I am confused as to why this would happen, given that I am using HMC (NUTS), which was specifically created to address the issue of non-exploration. The posterior in question looks like this:

image

Which doesn’t strike me as particularly difficult to identify. That said, I’m so new to MCMC that there could be something obvious that I’m missing. One thing I haven’t done is check the identifiability of my parameters using the relevant SciML tools.

Here’s what an example trace plot looks like for my problem:

I think that a MWE would be beneficial, otherwise it’s quite difficult to help.

I apologise for not having done so already. I will do my best, but I’ve been advised not to share too much of the code I’m using so I don’t know how useful it will ultimately be.

Then simulate som data, if you cannot reveal the real data. I think that would make more people able to help.

What sort of data would be useful? I have saved some chains saved, and some data from the output of my ODE.

Edit: I think I misinterpreted your comment: It’s not the data that is not shareable, but the code itself cannot be shared publicly due to how the automatic code plagiarism detection works. I can try to come up with a MWE but even then I’m not sure how useful it will be because the setup and model are quite particular.

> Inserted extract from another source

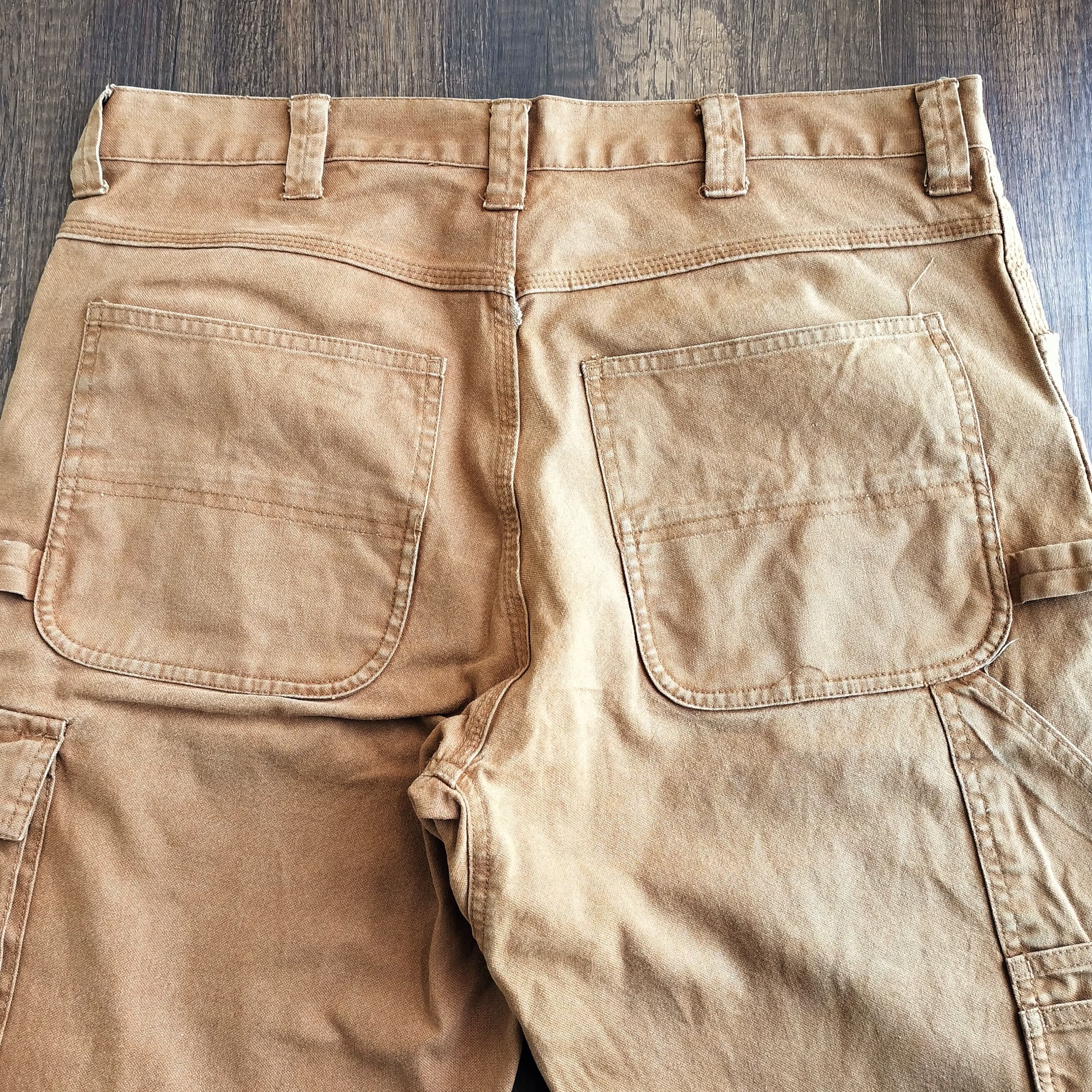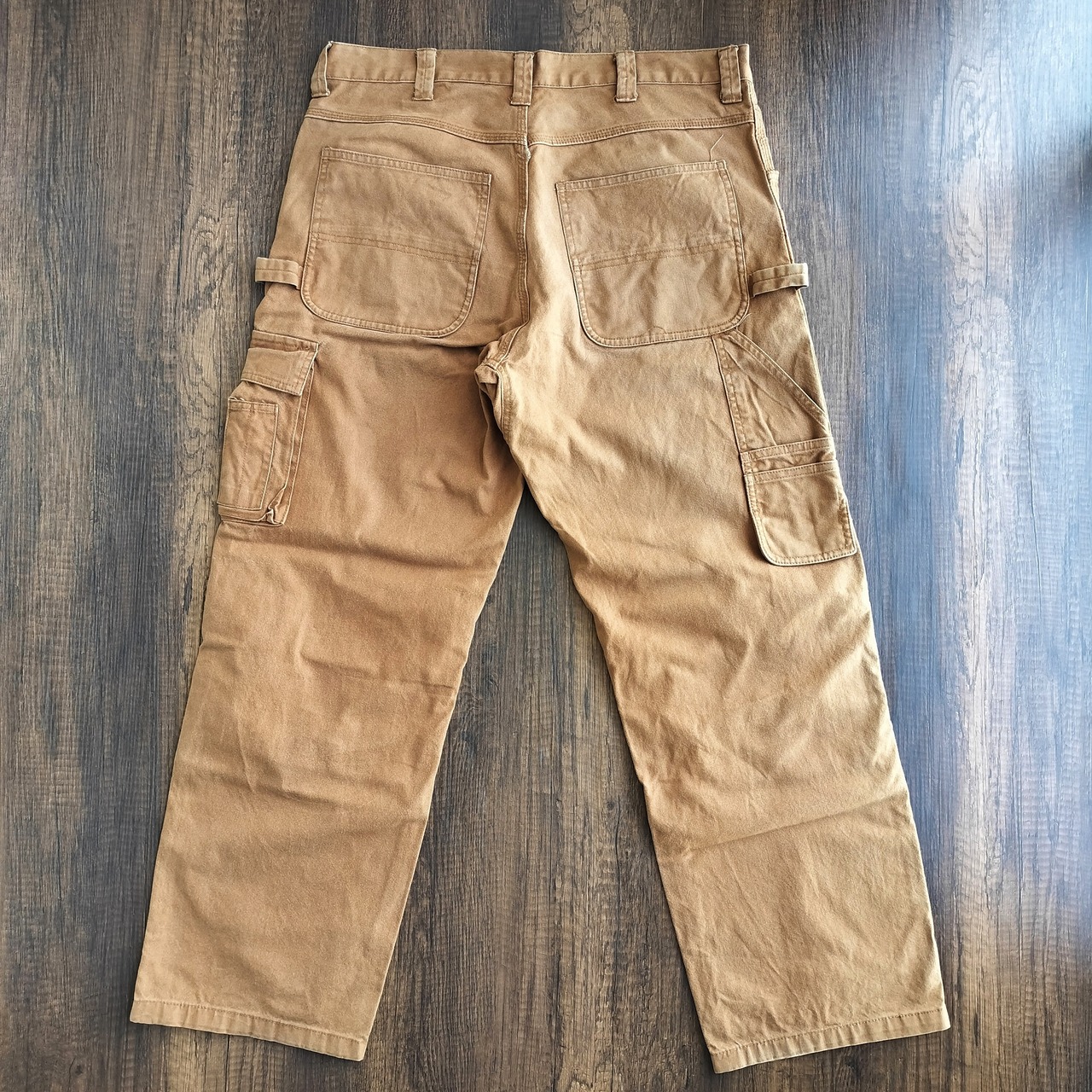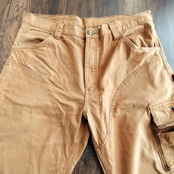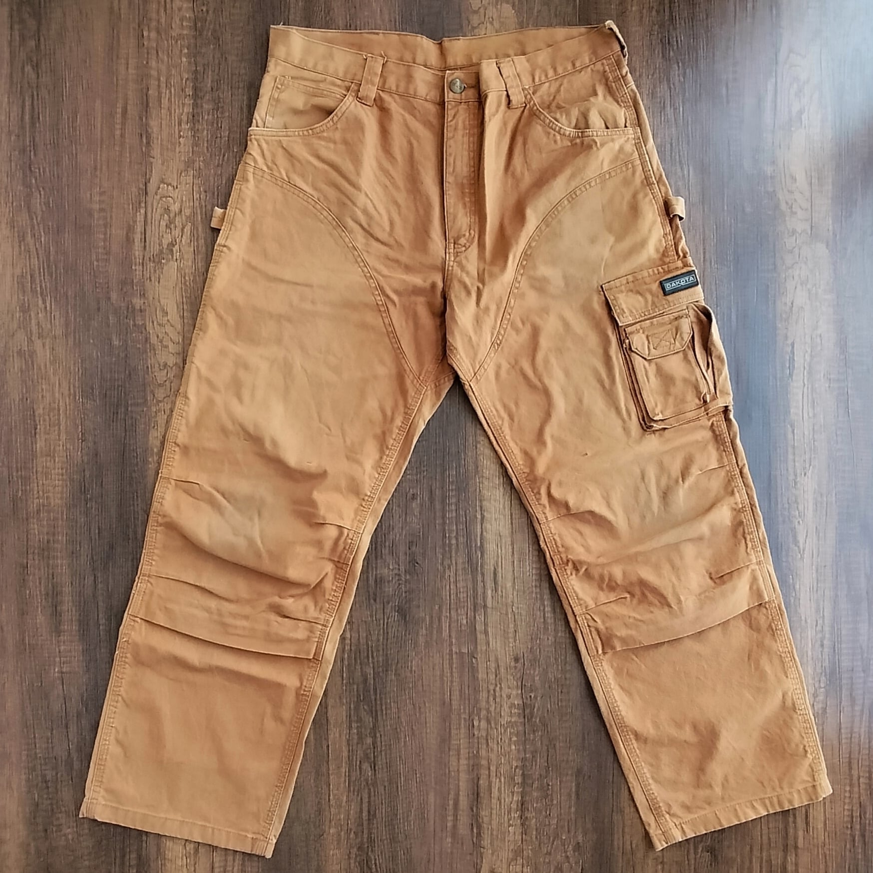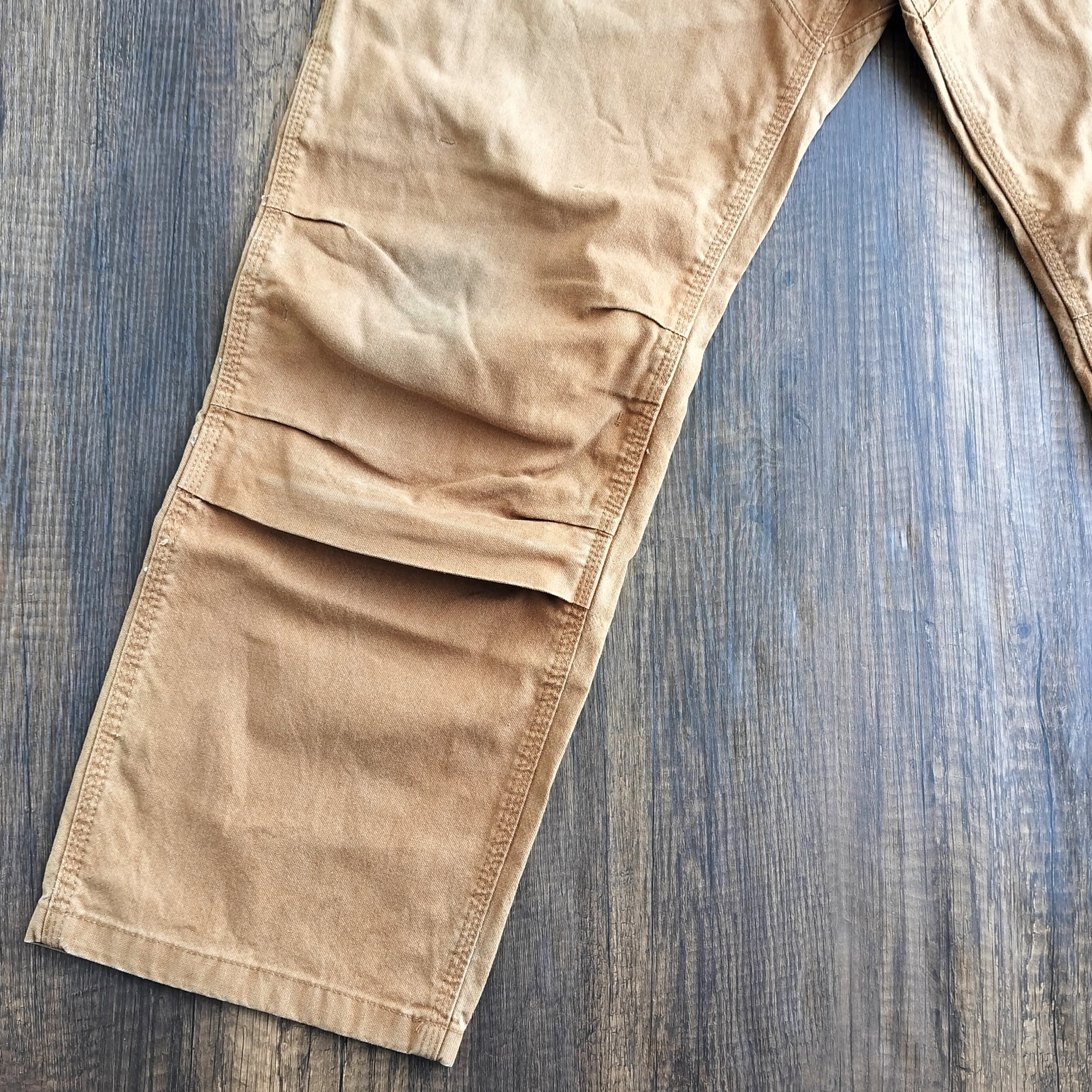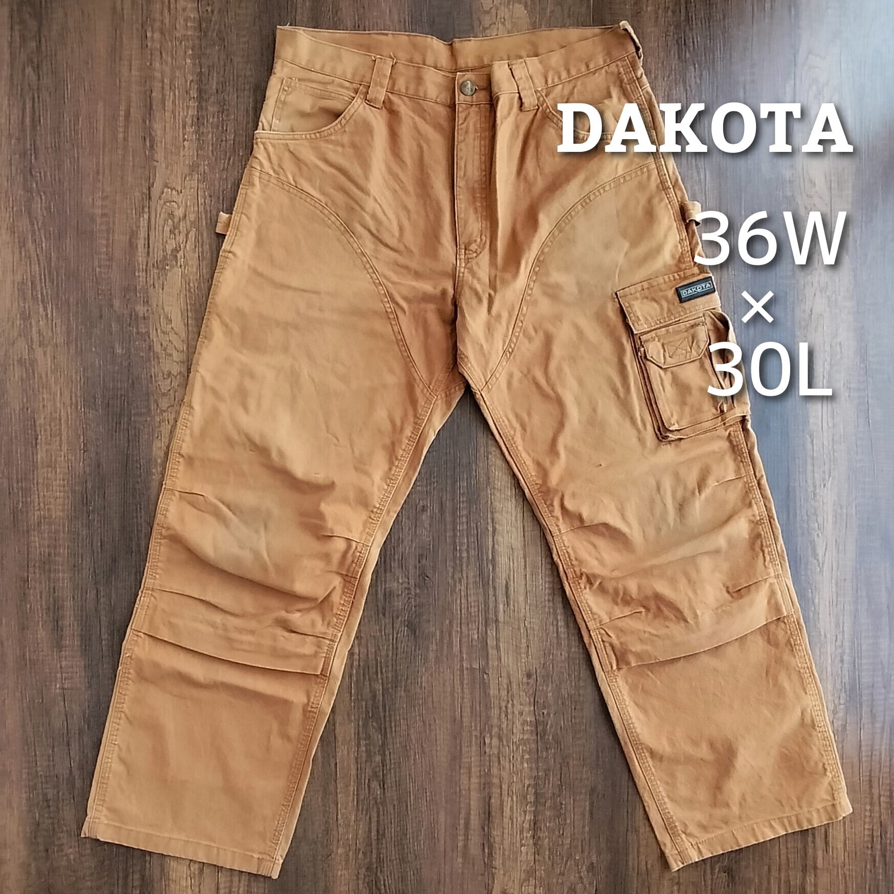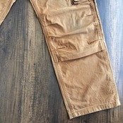 膝や腿にダック特有のアタリや擦れがございますが、ワークパンツらしい良い風合いとして雰囲気を高めてくれています。

Sorry for being off topic, but can you share the code to make the visualization of the posterior? I haven’t been able to figure out how to do so.

1 Like

No worries, the code for creating the visualisations can be found here:
https://turing.ml/dev/docs/using-turing/sampler-viz

There are a few things you need to change (names of variables) to get it to work for your model/chain, but it’s relatively straightforward.

1 Like

I can’t believe this, but the chains getting stuck seemed to be an issue of type-instability. After I checked the code with @code_warntype I discovered that there were some global variables over which I had defined closures. Hence the return type of my Turing model was Any.

I think this had an effect on the \epsilon heuristic for the leapfrog integrator. I might submit an issue on the Turing repo to find out where this came from.

The speedup after fixing this was about 30 times btw…

Never use global variables, kids.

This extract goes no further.